# 2. Machine learning on words

In this notebook we'll assign better weights to the words we identified earlier -- weights that are actually optimal for classifying the data on our training set.  We'll have to figure out how to represent words as numbers to do so.

In [None]:
import pickle
import csv
import numpy as np

In [None]:
with open("data/sentiment_splits.p", "rb") as f:
    X_train, X_dev, X_test, y_train, y_dev, y_test = pickle.load(f)

In [None]:
# Get the set of words we're interested in
words_of_interest = {}
with open("data/hand_weights.csv") as f:
    reader = csv.reader(f)
    for word, score in reader:
        words_of_interest[word] = 1
words_of_interest = words_of_interest.keys()

In [None]:
# Check out the words we'll learn information about
print words_of_interest

In [None]:
# Create a function that will convert each paragraph to a vector.
#
# The presence of each word in the wordlist is a feature.
# So a cell is 1 if the word of interest appears in the
# paragraph, and near 0 otherwise
def convert_to_vector(paragraph):
    representation = np.zeros(len(words_of_interest))
    for i, word in enumerate(words_of_interest):
        if word in paragraph:
            representation[i] = 1
    return representation

In [None]:
# Test the conversion
print convert_to_vector("not bad")

In [None]:
def convert_dataset(dataset):
    # Convert X_train and X_dev to use the new format
    dataset_vector = np.zeros((len(dataset), len(words_of_interest)))
    for i,paragraph in enumerate(dataset):
        dataset_vector[i] = convert_to_vector(paragraph)
    return dataset_vector

X_train_vector = convert_dataset(X_train)
print X_train_vector.shape
X_dev_vector = convert_dataset(X_dev)
print X_dev_vector.shape

In [None]:
from sklearn import linear_model

clf = linear_model.LogisticRegression()
clf.fit(X_train_vector, y_train)
y_dev_hat = clf.predict(X_dev_vector)

## Evaluation

In [None]:
# Let's evaluate
# No cross-validation this round, but we can use that in the 
# future to get a sense of the variability of the method
from sklearn import metrics

print "Accuracy:"
print metrics.accuracy_score(y_dev, y_dev_hat)

print

print "Classification metrics:"
print metrics.classification_report(y_dev, y_dev_hat)

print 

print "Confusion matrix:"
print "(Rows are truth, columns are predictions)"
print metrics.confusion_matrix(y_dev, y_dev_hat)
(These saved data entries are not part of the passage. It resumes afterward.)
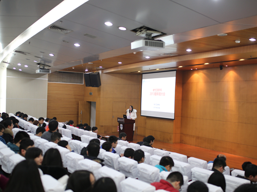 大会开始时,赵院长就“为什么要撰写本科毕业设计论文”这一题目,对毕业论文的重要性做出了相当详尽的解释。他说道,一方面,毕业论文是本科毕业的必要条件;另一方面,在撰写毕业论文的过程中,同学们也能够提升自己的语言组织能力与办公能力,对今后的发展有至关重要的作用。随后,赵院长带领同学们一起解读《本科毕业设计工作规定》,对同学们的毕业设计提出了“独立性”、“科学性”、“价值性”、“规范性”四个要求,希望同学们能按着这四点要求完成高质量的设计。最后,赵院长为大家讲解了毕业设计的时间安排以及文献查询的方法,希望同学们能在假期放松的同时也要注意安排开题报告的撰写。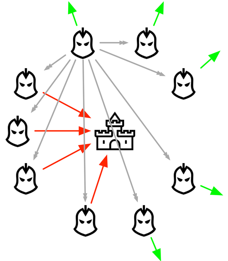 最简单的策略即:投票(上图中的红色箭头和绿色箭头为每个将军做出的判断),超过半数支持某个决定,那么所有9个将军一定执行这个决定。如上图,5个将军决定进攻,4个将军决定撤退,那么所有将军都会下令:进攻!
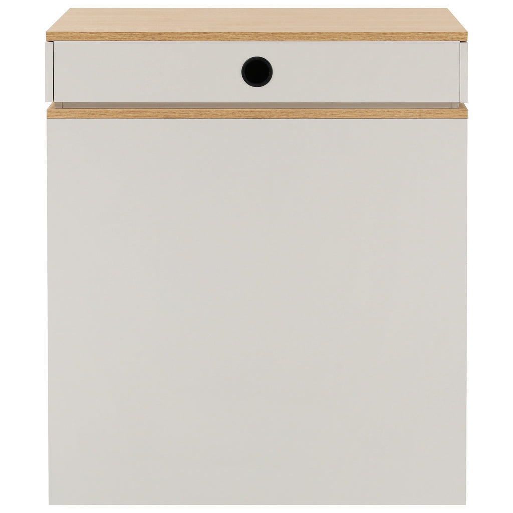 White cabinetry paired with natural wood-toned countertops and a floating design create a minimalist yet warm spatial ambiance.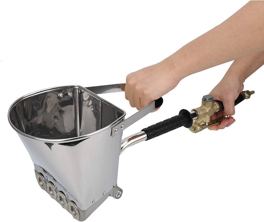 هذا مسدس رشّ المونة الإسمنتية يعمل بالهواء المضغوط، ومخصّص لأعمال التلييس ورشّ الإسمنت والجبس على الجدران والأسقف بسرعة وكفاءة.

Our performance went up!  That's good, and what we'd expect.

Let's brainstorm some possible reasons why it isn't great yet, though:
- Too much regularization
- Overfit to the training data
- Too little data, such that what we're learning is noisy
- Too many rows have 0 occurrences of one of our training words

It turns out there isn't too much regularization -- you can play with this by passing C=2.0 or higher numbers to the LogisticRegression creator.  Regardless of what this value is, performance doesn't improve.

Let's check out whether we're overfitting or underfitting to the problem next...

In [None]:
from sklearn.learning_curve import validation_curve

param = "C"
param_range = [0.01, 0.05, 0.1, 0.5, 1.0, 2.0, 5.0] #[True, False] #
train_scores, test_scores = validation_curve(
    linear_model.LogisticRegression(), 
    X_train_vector, 
    y_train, 
    cv=10, 
    param_name=param, 
    param_range=param_range, 
    scoring="f1")

In [None]:
from matplotlib import pyplot as plt
%matplotlib inline

train_mean = np.mean(train_scores, axis=1)
train_std = np.std(train_scores, axis=1)
test_mean = np.mean(test_scores, axis=1)
test_std = np.std(test_scores, axis=1)

print train_mean
print train_std
print test_mean
print test_std

plt.title("Validation  Curve")
plt.xlabel(param)
plt.ylabel("F1")
plt.ylim(0.0, 1.0)
plt.semilogx(param_range,
             train_mean, 
             label="Training score", 
             color="r")
plt.fill_between(param_range,
            train_mean - train_std,
            train_mean + train_std,
            alpha=0.2,
            color="r")
plt.semilogx(param_range,
             test_mean, 
             label="Crossvalidation score", 
             color="g")
plt.fill_between(param_range,
            test_mean - test_std,
            test_mean + test_std,
            alpha=0.2,
            color="g")
plt.legend(loc="best")
plt.show()

This looks pretty great -- we're not overfitting or underfitting much at all, and the amount of regularization is reasonably good where it is (though we might want to decrease it a bit and improve performance).  

Overall, this is great news. We can get a 5% gain over just guessing by using the small number of words we thought a priori might matter.